Use /config in the TUI to switch the default level, language, and automatic compression. Set ui.language to zh-CN for a Chinese UI. Completion notifications can be configured under ui.completion_notification. Non-Windows platforms use the terminal bell for completion sound.

See configuration for all supported options and config.example.json for a detailed example.

Documentation

Core Ideas

  • The agent has exactly one external action surface: run_python.
  • Managed scripts run in a project-shared uv environment; scripts add third-party dependencies to that environment with add_dependency.
  • The distributed package includes both uv_agent and uv_agent_runtime; managed scripts import helpers from uv_agent_runtime.
  • Installed plugins can register additional uv_agent_runtime helpers, subscribe to agent events, and submit turns from external systems while preserving the single run_python action boundary.
  • Workspace rules, skills, and MCP declarations are progressively disclosed as context.
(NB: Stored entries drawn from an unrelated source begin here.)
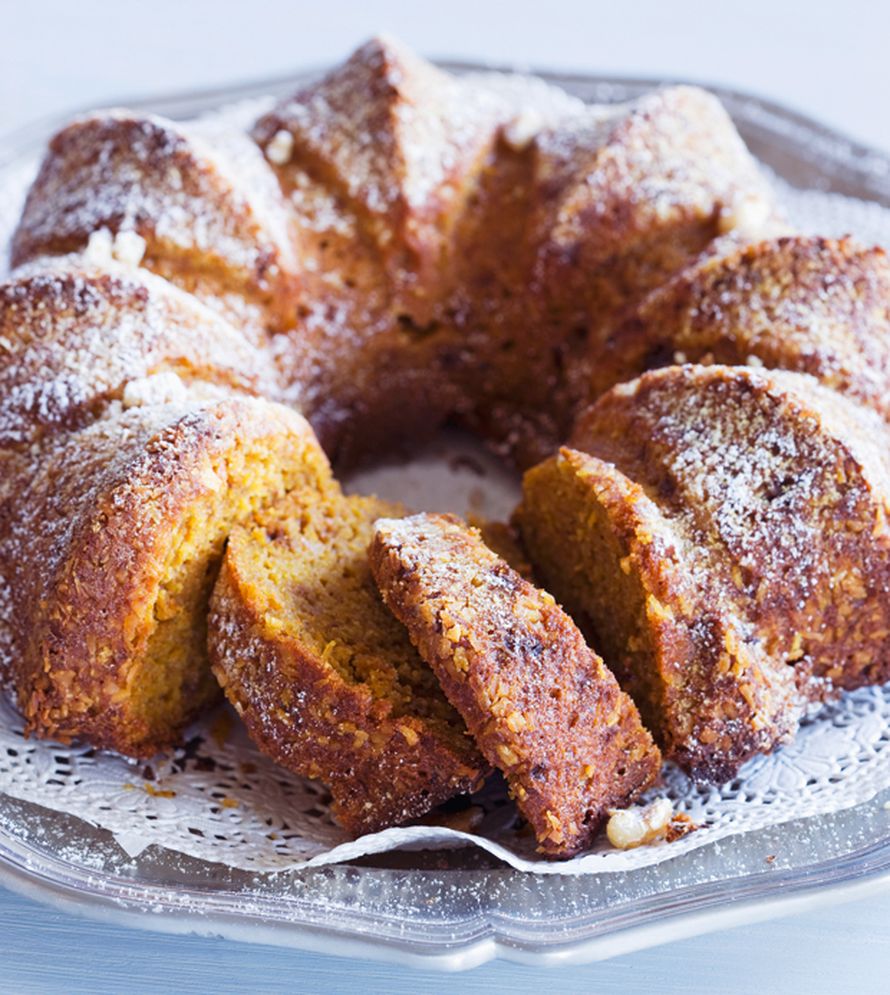 3. Vatkaa valkuaiset kovaksi vaahdoksi ja nostele taikinaan varovasti hämmentäen. Kaada taikina voideltuun rengasvuokaan tai pitkulaiseen leipävuokaan. Paista uunin alatasolla 175 asteessa noin tunnin verran, kunnes kakku on kypsä. Anna kakun jäähtyä ja kumoa se alustalle.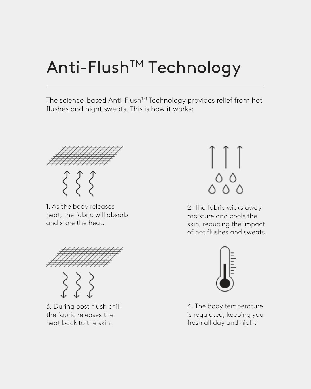 Tavoitteenamme on löytää älykkäitä ratkaisuja naisten todellisiin tarpeisiin. Sen vuoksi vaihdevuosiin tehdyt vaatteemme ja yöasumme on valmistettu innovatiivisella Anti-Flush™-tekniikalla, joka säätelee kehon lämpötilaa, tuoden helpotusta kuumiin aaltoihin ja yöhikoiluun. Olosi pysyy mukavana ja luottavaisena matkalla läpi vaihdevuosiesi ainutlaatuisen kokemuksen.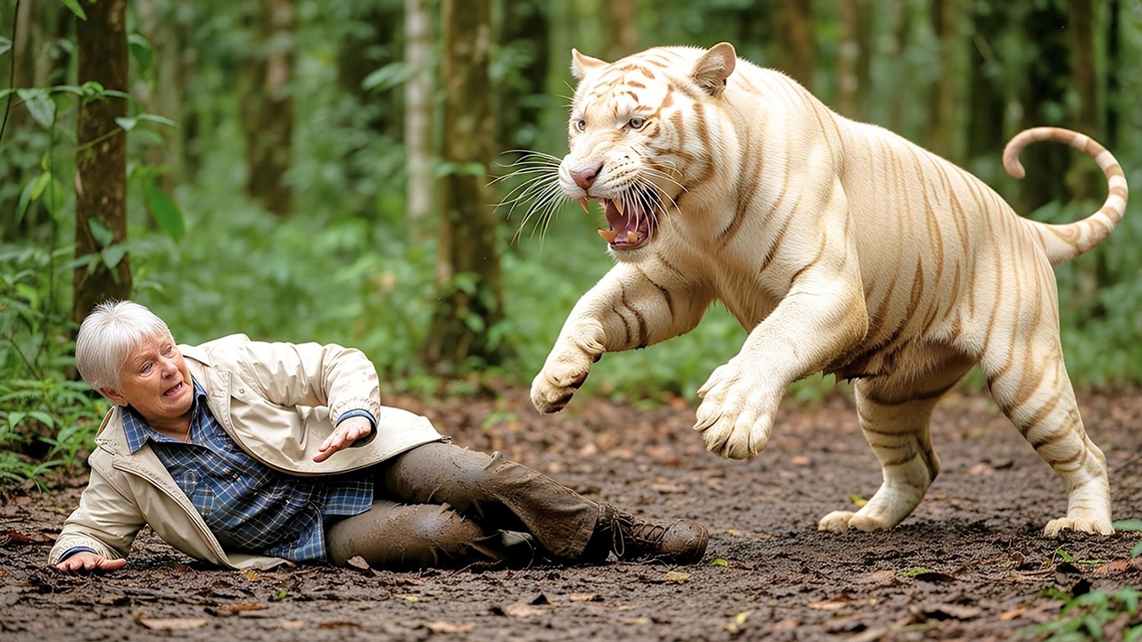 20 ft away stood the ghost. A massive white tiger. Pure albino. Pink eyes glowing like embers in the green gloom. Old scars crossed his pale coat like lightning bolts. 450 lb of living myth. Staring straight at a 70-year-old woman who could barely stay upright. Helen Brooks felt her heart trying to climb out of her chest.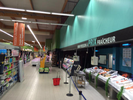 Hoje tive um dia de condução aquática: só chuva, chuva, chuva! Bastante vento de frente, e camiões a passarem, levantando mais água ainda. O piolho lá se foi aguentando. Portou-se muito bem. Por vezes abanava pela frente, e por tráz parecia fazer a dança da abelha. Nem meteu muita água ( ou eu ainda não a vi). Mas parece que pelo tejadilho não está a entrar nada. Pelos ventiladores laterais é que vai pingando qualquer coisa. Parei á tarde para meter gasolina no Inter Marché. Falta de gasolina não há. Aproveitei para fazer umas compras de "comes e bebes". Achei estranho não ver lá gente nenhuma àquela hora. Parecia estar sozinho (ver foto). Explicaram-me que era por ser fim do mês. Será verdade? Enfim, lá segui viagem para fazer mais uns quilómetros. Desisti em Gueret, com 391 Km percorridos, e meti-me no hotel "Premiere Classe". Estou bem instalado, mas o carrito continua á chuva. Espero bem que o tempo amanhã melhore! ---------------------------------------------- 31/05/2016 Ontem já passei o dia todo á chuva. Pensei que hoje virasse para melhor, mas não. Resolvi ficar no hotel "á espera". É que de facto andar com o carrito á chuva, além de ser mesmo fatigante, acaba por ser um verdadeiro perigo. Não se vê nada. O limpa pára-brisas não limpa nada. Os vidros todos embaciados. O da frente ainda posso ir limpando á mão, mas para trás não vejo mesmo nada, nem pelos vidros nem pelos espelhos retrovisores. Quando passa um camião, parece que estou numa estação de lavagem automática, com rajadas fortes laterais. O carrito tem-se portado bem, não há dúvida, tem conseguido manter-se na direção sem resvalar nos ribeiros que os camiões fazem no piso. Mas a água, quando é muita, não perdoa. Resumindo: atirei-me á estrada por volta do meio dia, e já desisti ás 17:00 horas, em Angoulême com 197 Km feitos. Quiz descansar, mas verifiquei que tinha entrado muita água por vários sítios. Tudo o que estava no chão, ficou encharcado, o tapete ensopado. Entreti-me a tirar a tralha toda cá para o quarto do hotel para ficar a secar até amanhã. No interior do carro limpei e apanhei a água. Agora, mais cansado estou e vou-me deitar. Até amanhã!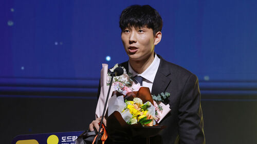 ▲ 프로배구 2024-2025 V리그 시상식에서 남자부 베스트 7에 선정된 세터 KB손해보험 황택의가 소감을 밝히고 있다.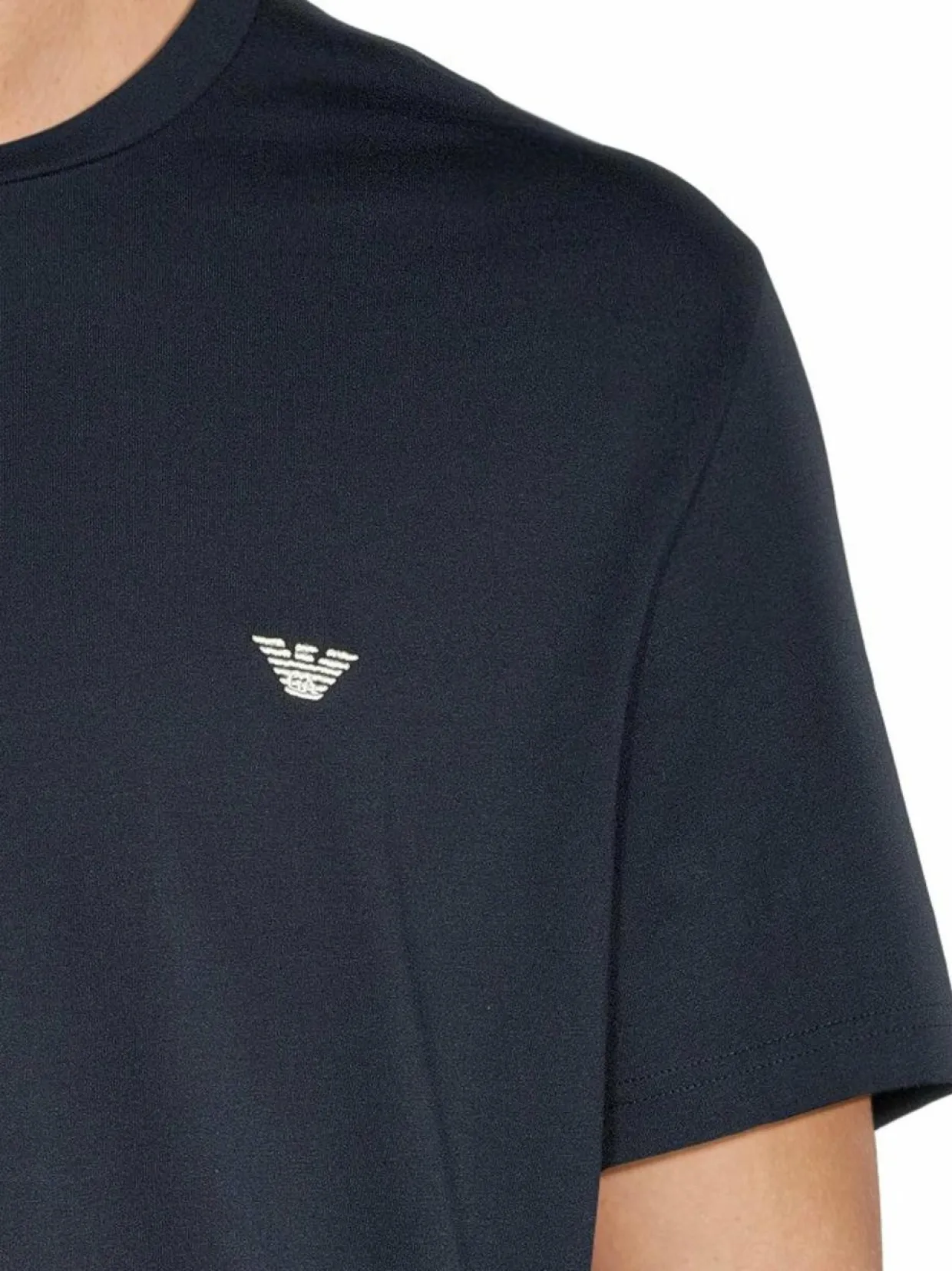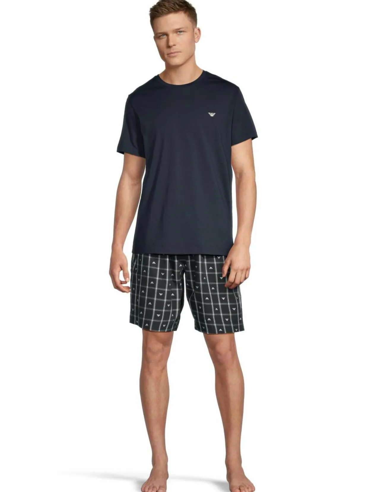 Emporio Armanin pyjama on valmistettu pehmeästä puuvillasta ja sitä on mukava käyttää. Pyjamaan kuuluvat lyhythihainen yläosa sekä shortsit, joissa on logokuviointi. Myös paidan rinnassa on brodeerattu logo. Tämä pyjama on ihanteellinen valinta rentoon iltaan kotona.

MCP calls happen from Python runtime helpers, not direct model tools.
  • Thread state, run logs, the shared script environment, and attachments live under ~/.uv-agent/projects/<project-id>/.

Context Management

uv-agent's context management is one part of its Harness Engineering approach: it brings the agent's inputs, actions, state, and exception handling into an explicit engineering protocol so long-running work remains traceable, recoverable, and maintainable. Two mechanisms anchor the design: checkpoint compaction creates durable continuation points, and the single run_python execution surface makes every external action flow through the same event stream.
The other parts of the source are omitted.